My poor mother suffered a long and difficult labour and I had to be pulled out with forceps eventually, amid spectacular gore and suffering. My infant self was temporarily paralysed all down my right side and I still have prominent veins in my right eyelid as a badge of honour that even today I like to show off as a conversation starter at elegant parties. My poor Mum had to have vast quantities of industrial strength stitches. If it's any consolation Mum, I still feel really bad about this. I can't help wondering if, about 14 or 15 years later, you compared the pain of those stitches to the pain of the teenage antics I inflicted upon you...
6 Comments:
At Sun Jun 17, 01:37:00 am, Ksam said…
This was too funny. And that's exactly why I never do memes - there's no way I could live up to the pressure of having to be as interesting as all of my bloggie friends!

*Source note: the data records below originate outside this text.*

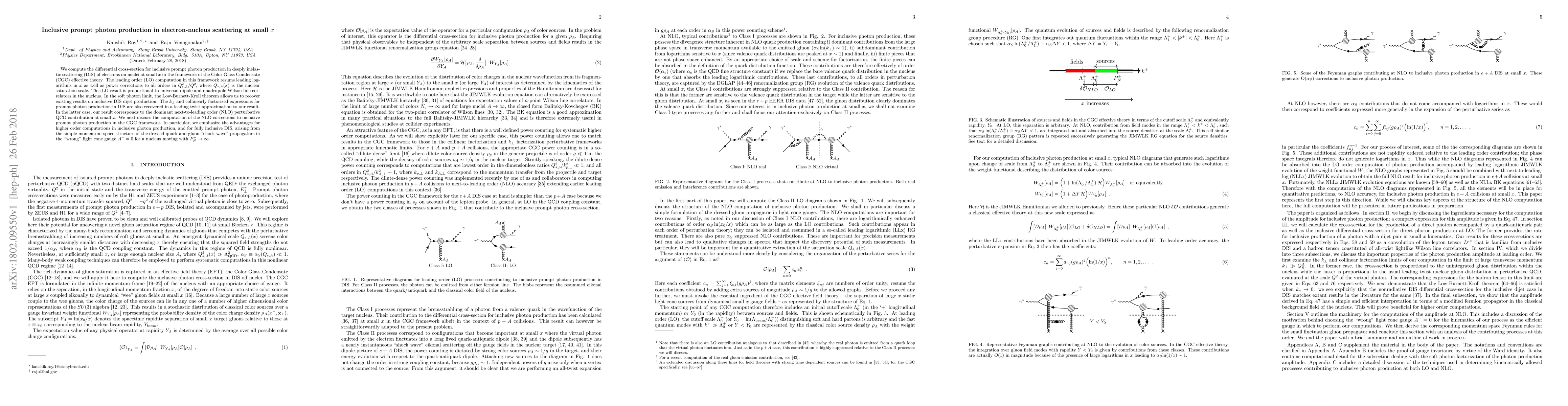 We compute the differential cross-section for inclusive prompt photon production in deeply inelastic scattering (DIS) of electrons on nuclei at small $x$ in the framework of the Color Glass Condensate (CGC) effective theory. The leading order (LO) computation in this framework resums leading logarithms in $x$ as well as power corrections to all orders in $Q_{s,A}^2/Q^2$, where $Q_{s,A}(x)$ is the nuclear saturation scale. This LO result is proportional to universal dipole and quadrupole Wilson line correlators in the nucleus. In the soft photon limit, the Low-Burnett-Kroll theorem allows us to recover existing results on inclusive DIS dijet production. The $k_{\perp}$ and collinearly factorized expressions for prompt photon production in DIS are also recovered in a leading twist approximation to our result. In the latter case, our result corresponds to the dominant next-to-leading order (NLO) perturbative QCD contribution at small $x$. We next discuss the computation of the NLO corrections to inclusive prompt photon production in the CGC framework. In particular, we emphasize the advantages for higher order computations in inclusive photon production, and for fully inclusive DIS, arising from the simple momentum space structure of the dressed quark and gluon "shock wave" propagators in the "wrong" light cone gauge $A^-=0$ for a nucleus moving with $P^{+}_{N} \rightarrow \infty$.
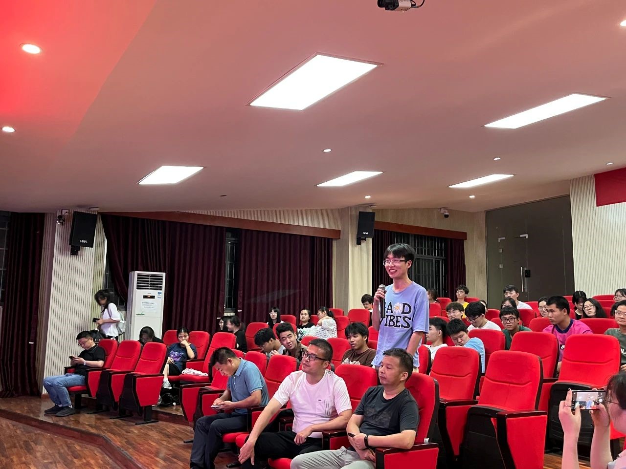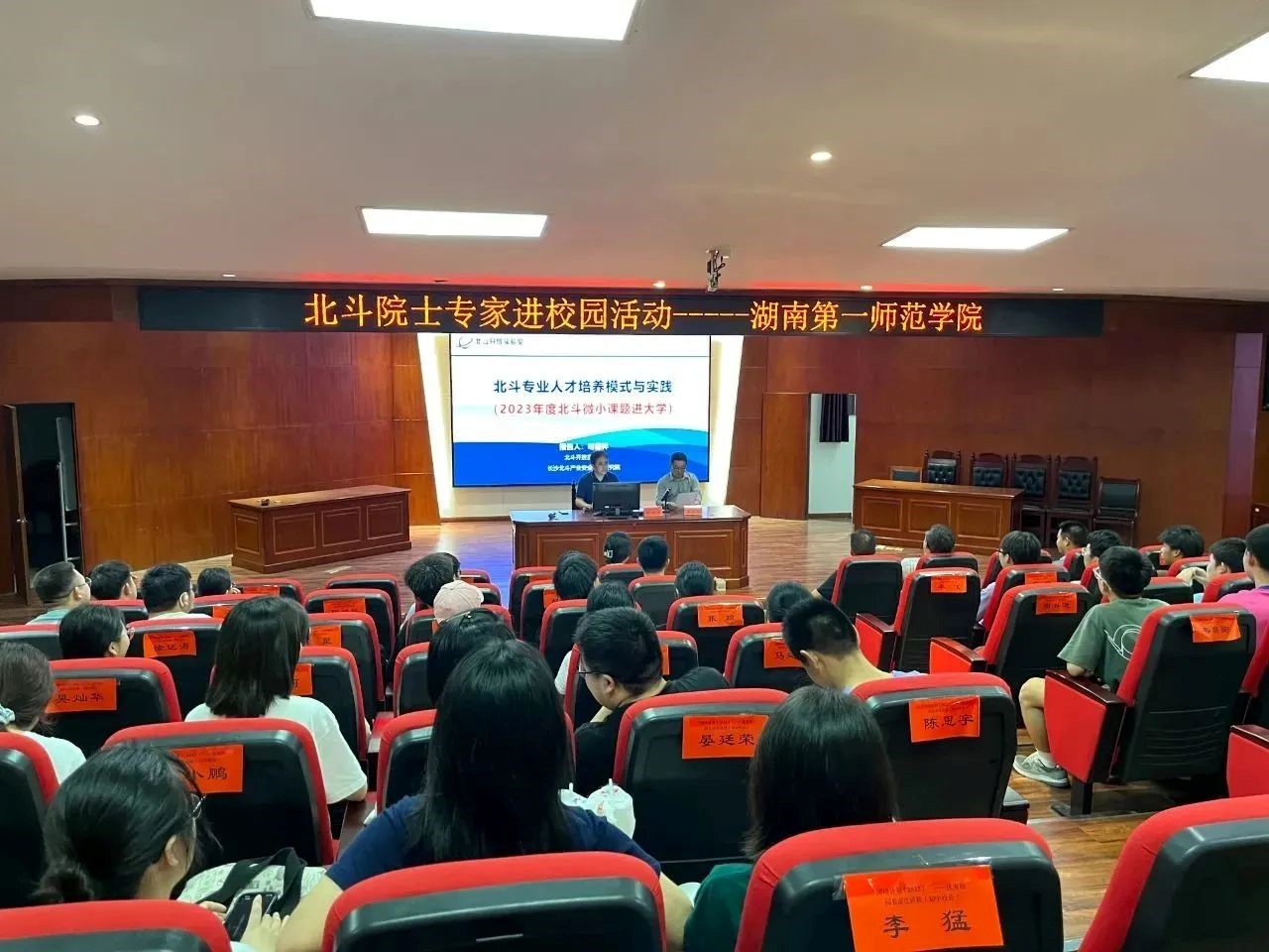 电子信息工程系主任谭周文、微电子系主任张沛及智能导航学科竞赛项目负责人胡恩博出席讲座。
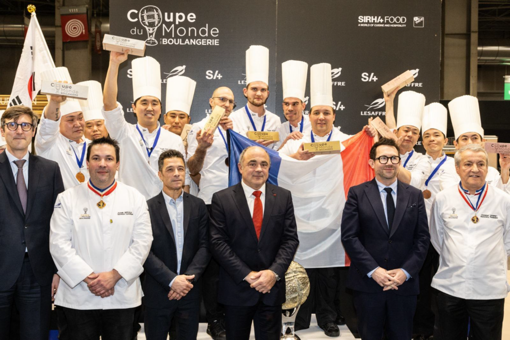 Ce lundi 22 janvier, l’annonce de la victoire de la France, représentée par Franck Fortier, Fabien Nolay, Xavier Sacriste et coachée par Grégoire Bardet, clôture la 12ème édition de la Coupe du Monde de la Boulangerie – cofondée par Ekip, la Confédération Nationale de la Boulangerie-Pâtisserie et le Club des MOF boulangers – au deuxième jour d’un Sirha Europain à très forte affluence. Une victoire d’autant plus symbolique qu’elle intervient 16 ans après la dernière de la France. La Corée du Sud et le Japon complètent le podium, respectivement à la 2ème et 3ème place.
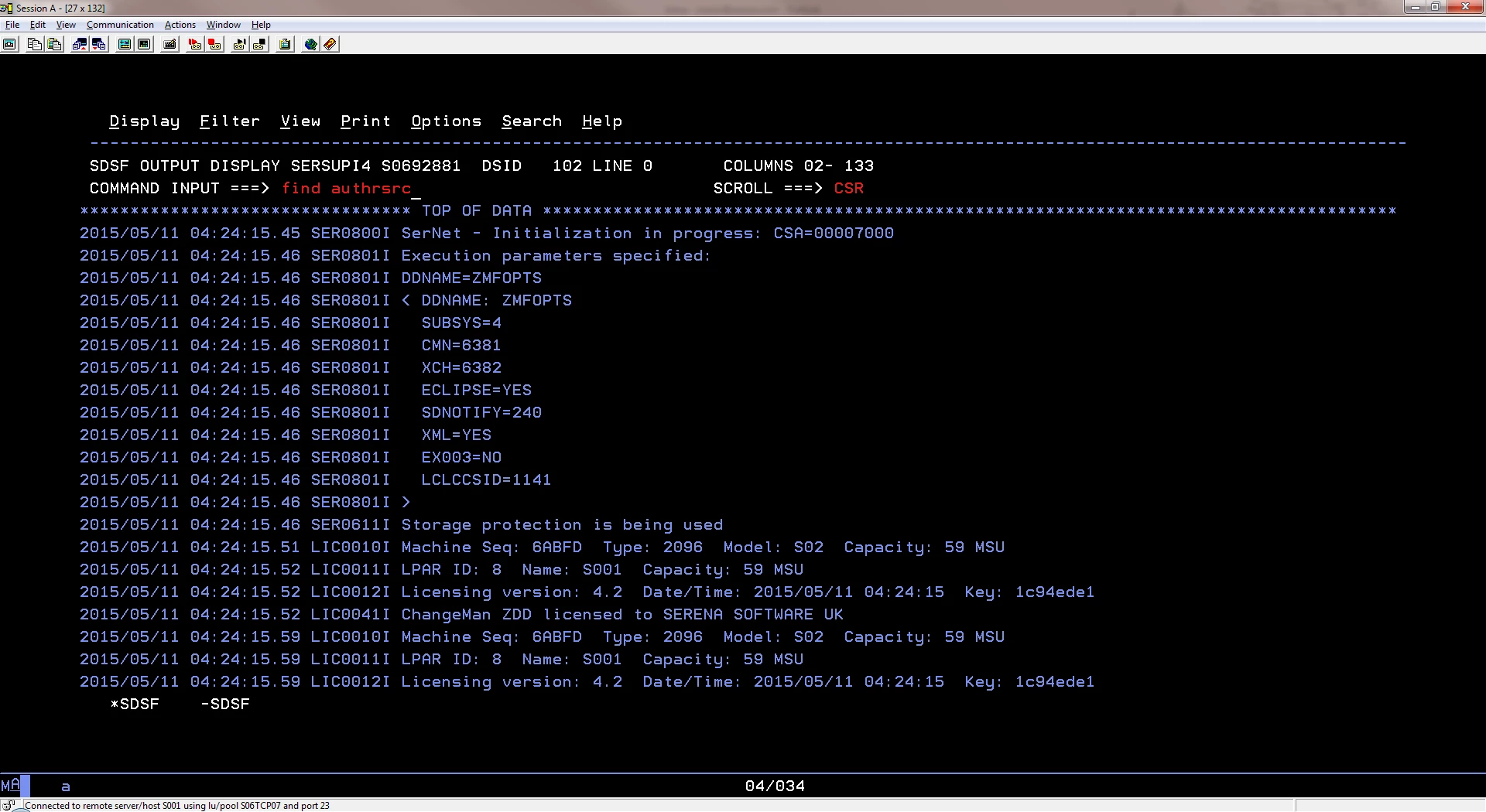 At this point simply ask user CMNSUP1 to reconnect to the ZMF ISPF client using your standard connection CLIST or rexx. The information that we require will have been generated in the started task’s SERPRINT output file as soon as connection is complete and CMNSUP1 can see the ZMF Primary Options Menu.
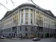 - Дом № 55 — дом совторгслужащих, 1930—1932, конструктивизм, арх. Е. А. Левинсон и А. М. Соколов. Проект получил первую премию на Всесоюзном конкурсе 1929 года. В здании поместились 90 квартир, общежитие на 80 комнат, во дворе — полуротонда с клубным залом, в котором с 1989 года располагается драматический театр «Особняк». Е. А. Левинсон жил и работал здесь с 1931 по 1968 год[39]. В кв. № 42 с 1930 года жил кинорежиссёр Ф. М. Эрмлер, в кв. № 19 жили кинооператор А. Н. Москвин (с конца 1932) и его жена, кинорежиссёр Н. Н. Кошеверова[40].
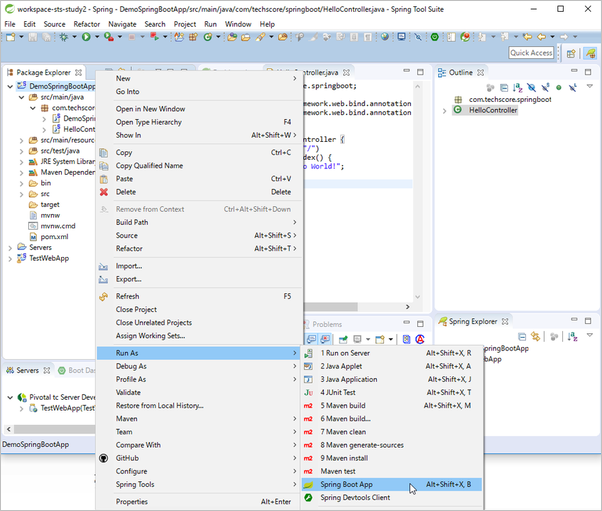 プロジェクト「DemoSpringBootApp」を右クリックし、Run As > Spring Boot App をクリック。
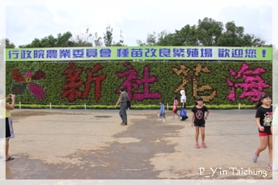 步入會場.映入眼廉的是盆花拼湊而成的新社花海字樣.
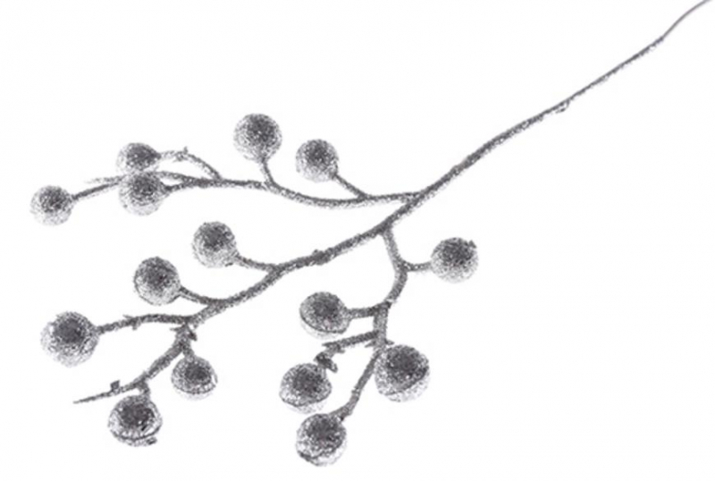 X Vetvička MagicHome Vianoce, GliBerries. strieborná, 28 cm
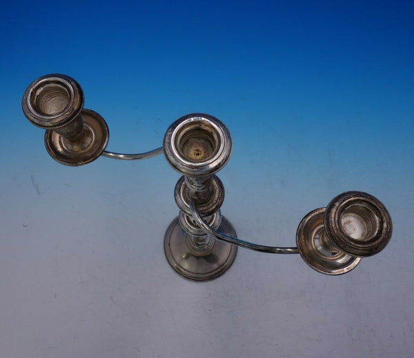Wonderful Empire sterling silver single 3-light candelabra (maker unknown). It measures 11 1/4" x 12 3/4" tall and is weighted. It is not monogrammed and is in excellent condition. This piece will be beautifully professionally polished prior to
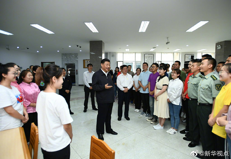 16日上午,正在內(nèi)蒙古考察調(diào)研的習(xí)近平總書記來到內(nèi)蒙古大學(xué),走進(jìn)圖書館同學(xué)生們親切交談。習(xí)近平指出,少年強(qiáng)則中國強(qiáng)??吹侥昵嗳私】德斆?、奮發(fā)向上,充滿正能量,心里十分高興。長江后浪推前浪,青出于藍(lán)而勝于藍(lán),未來是屬于年青人的。在中華民族偉大復(fù)興的進(jìn)程中,你們生逢其時(shí),何其幸也。再過30年,到本世紀(jì)中葉實(shí)現(xiàn)第二個(gè)百年奮斗目標(biāo)的時(shí)候,你們正好是國家的骨干和棟梁。大家要志存高遠(yuǎn)、腳踏實(shí)地,學(xué)好知識(shí),打好基礎(chǔ),增長才干,將來為中華民族偉大復(fù)興貢獻(xiàn)自己的智慧和力量。 (文字:張曉松、朱基釵 攝影:謝環(huán)馳、李學(xué)仁)

At Sun Jun 17, 06:05:00 am, Ms Mac said…
Sheer brilliance.
*kicks herself for not having thunk up the "I'm a hyperbolic" line"
At Sun Jun 17, 06:12:00 am, fringes said…
Best "things about me" list I've ever read. I followed the meme from The Late Bloomer and found you. Awesome list. Thanks for sharing!
At Sun Jun 17, 10:45:00 am, Unknown said…
Ooo - a canal boat! That's VERY original! And your poor poor mum ;-)
At Tue Jun 19, 10:37:00 am, The Late Bloomer said…
You see, I knew I was doing the right thing by tagging you, Antipo-dear! At least I can claim the brilliance of that particular brainwave. Otherwise, of course, my Top Ten list does not compare at all to what you've shared with us here. The daring, the sheer naughtiness -- who can compete?!
But I am pleased as punch that you took me up on it. It is nice to know that I'm making myself known 'round these parts, albeit in a sort of roundabout way, you might say! ;)
(Of course, I still have to say that I think we've ALL got our interesting points, though, Sam -- you included! Whether they're funny, ridiculous or simply too hard to believe! And like I said on another page, you never know when we might be making them up anyway -- ha!)
At Wed Jun 27, 03:07:00 pm, JChevais said…
Dude! Where have you been all my life? Why have I never read your blog before? I be kicking my sad self for it.
I too have wondered at number 1.
The sad thing is that I'm sure that THEY never wonder what it is like to be US.